#### [What is required]
Reproduce every line of the material below exactly. No pictures belong in the copy.

#### [Data segment]
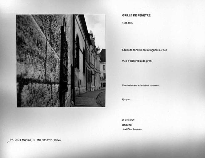 POP | Plateforme ouverte du patrimoineGrille de fenêtre de la façade sur rue. Vue d'ensemble de profil
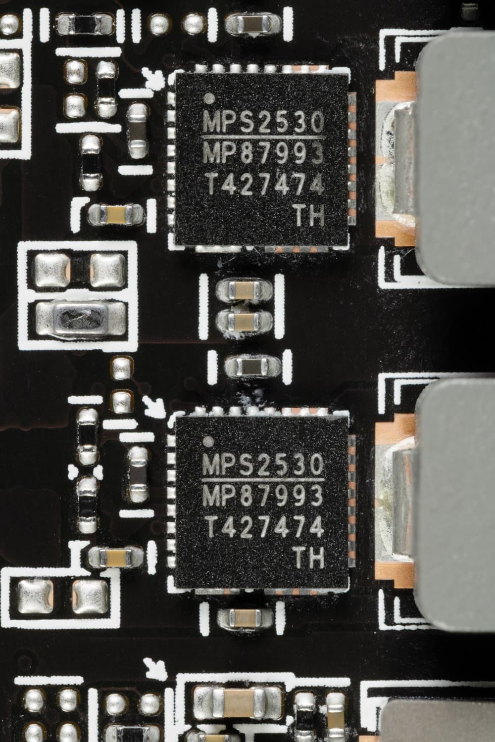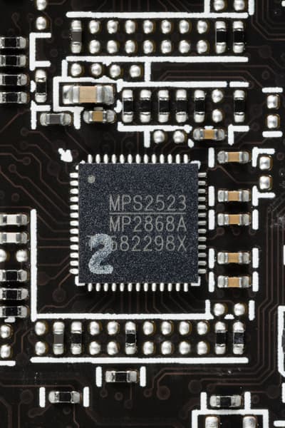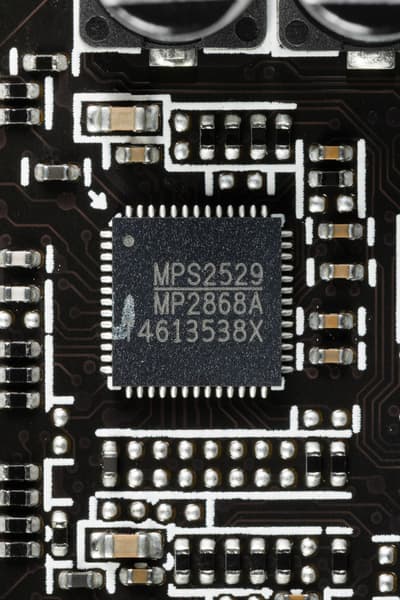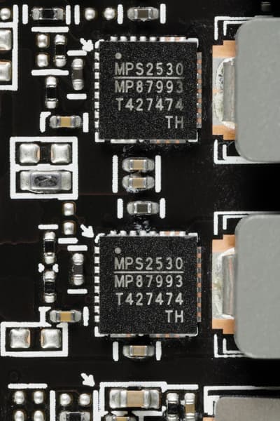 У карты имеется два ШИМ-контроллера Monolithic Power Systems MP2868, они работают в паре и управляют обеими схемами питания.
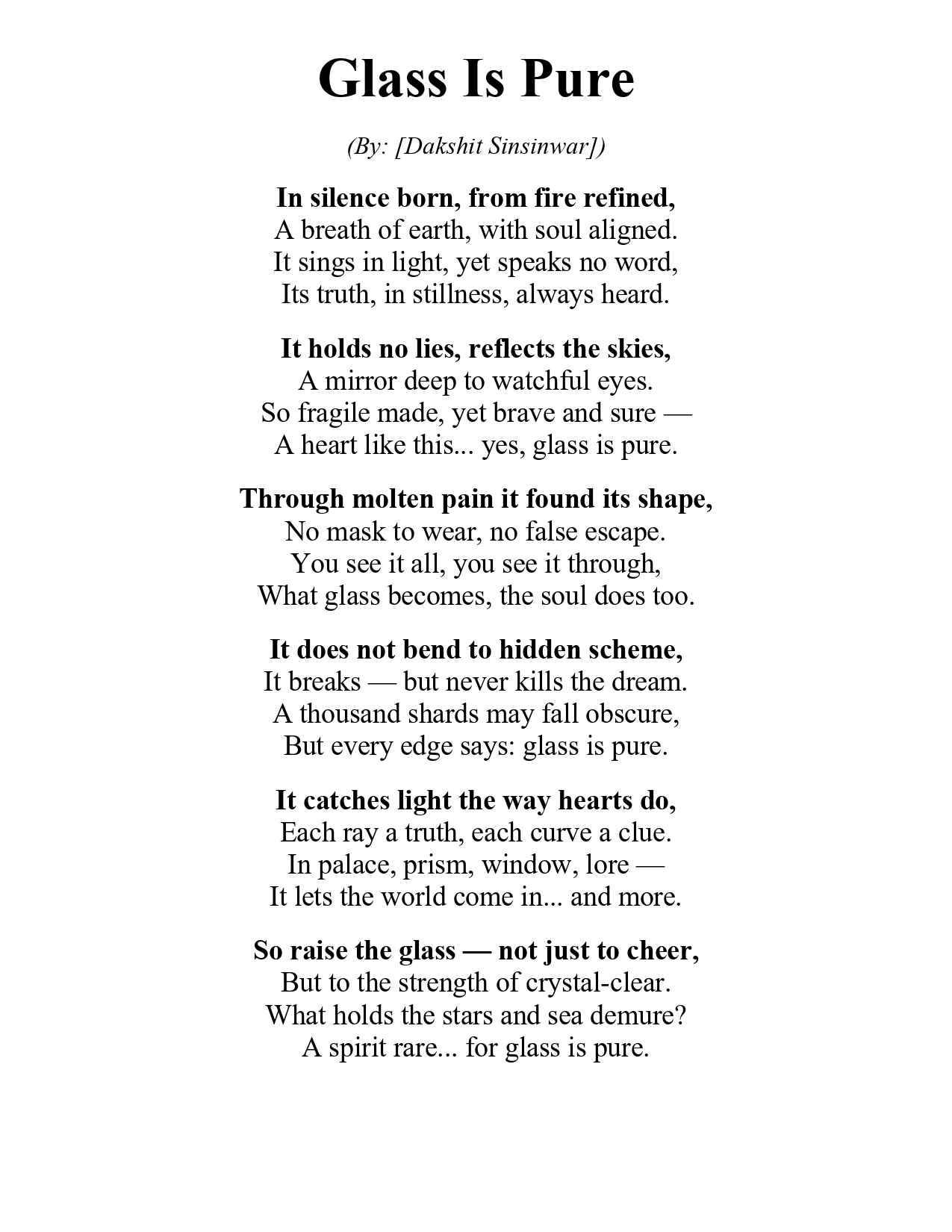 1st Poem / Essay Writing Contest- ‘Green as Glass’ (August 12, 2022)
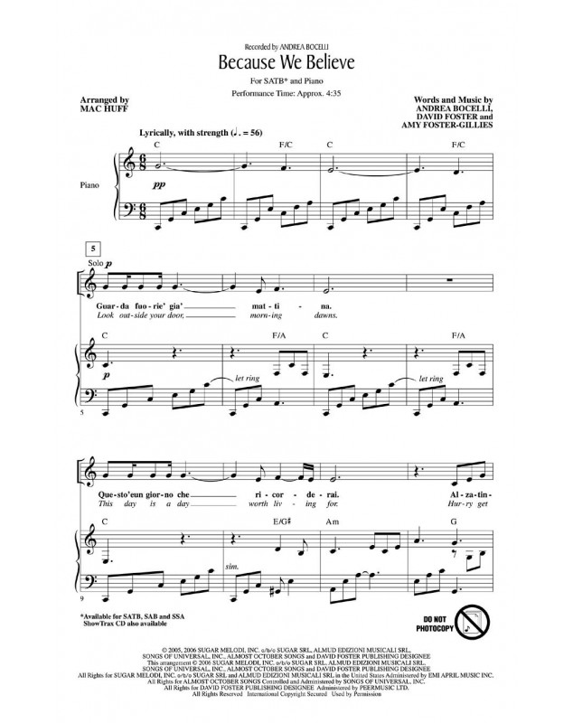 Amy Foster-Gillies_Andrea Bocelli_David Foster Mac Huff Because We Believe Choeur CD Contemporary Choral 46

#### [Response area]
 POP | Plateforme ouverte du patrimoineGrille de fenêtre de la façade sur rue. Vue d'ensemble de profil
 У карты имеется два ШИМ-контроллера Monolithic Power Systems MP2868, они работают в паре и управляют обеими схемами питания.
 1st Poem / Essay Writing Contest- ‘Green as Glass’ (August 12, 2022)
 Amy Foster-Gillies_Andrea Bocelli_David Foster Mac Huff Because We Believe Choeur CD Contemporary Choral 46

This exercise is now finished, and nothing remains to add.